Secondly, don't waste your time on a routine that sounds like some new high-tech routine that involves super-slow, high-rep, followed by low-rep and then has you doing some silly bounding exercises while balancing on one leg or something. Routines like these are published everyday and rookies fall for this garbage all the time.

Remember what I said about similarities? Don't look for a routine that's radically different. Find one that's stood the test of time. It's called old school and it works!

Body Parts:

Train each body part only once per week. For example, hit your chest hard on Monday and give it a full week to recuperate. Don't fall for training everything two to three times per week.

You'll end up overtraining.

Sets and Reps:

If you want size, keep your reps between four and eight. If you want cuts, keep your reps between four and eight.

You need to train heavy to gain size and doing between four and eight reps allows you to use heavy weight. Always concentrate on building muscle. Don't increase the number of reps to burn off fat. Burn fat by doing cardio and eating less.

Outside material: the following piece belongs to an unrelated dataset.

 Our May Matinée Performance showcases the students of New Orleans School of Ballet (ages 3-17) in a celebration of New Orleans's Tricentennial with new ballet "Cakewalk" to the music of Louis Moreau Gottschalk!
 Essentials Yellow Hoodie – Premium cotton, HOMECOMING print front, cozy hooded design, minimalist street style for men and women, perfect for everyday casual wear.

For sets, do about two to three warm-ups on your first exercise and only one on your next exercises. Do three to four heavy sets on each exercise. For large body parts, do 12-15 sets and for smaller ones do eight to 10.

Exercises:

Stick with basic combination exercises for mass. Forget the isolation movements.

If you want a big chest, do heavy inclines and flat bench presses. Don't waste your time on cable cross-overs—unless you use them as a light warm-up.

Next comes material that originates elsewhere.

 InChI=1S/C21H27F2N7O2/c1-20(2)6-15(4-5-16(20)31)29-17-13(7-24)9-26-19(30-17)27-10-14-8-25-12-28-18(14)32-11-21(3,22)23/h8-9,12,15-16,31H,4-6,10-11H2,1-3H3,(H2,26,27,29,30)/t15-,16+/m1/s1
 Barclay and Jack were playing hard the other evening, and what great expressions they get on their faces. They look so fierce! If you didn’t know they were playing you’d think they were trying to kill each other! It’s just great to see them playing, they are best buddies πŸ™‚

Hit your back with barbell rows and deadlifts.

Do squats and/or leg presses for your thighs.

Keep your workouts to less than an hour. Marathon workouts will lead to overtraining.

Finding The Supplements

When it comes to supplements, start with the basics. You need a multivitamin and mineral supplement (I like Animal Pak). They've been around for twenty years and they are loaded with everything.

Next you need protein; whey protein and MRP's are great. Find a brand and flavor you like. I like ProLab, EAS and AST. Also pick up some dextrose to add to your protein before and after your workouts.

You'll make good gains on food, multis and protein for a long time. After a year or so, add creatine and glutamine. Just remember to follow the directions on the labels. It's pretty simple.

You might also want to try a green tea pre-workout energizer to give yourself a boost in training. Beyond that it's up to you if you want to try other supplements or not. Stick with these basics and you can't go wrong.

Get Some Sleep

The last big secret in muscle growth is getting enough rest. Sleep is important. Try to get at least eight hours per night. Resting is really important too.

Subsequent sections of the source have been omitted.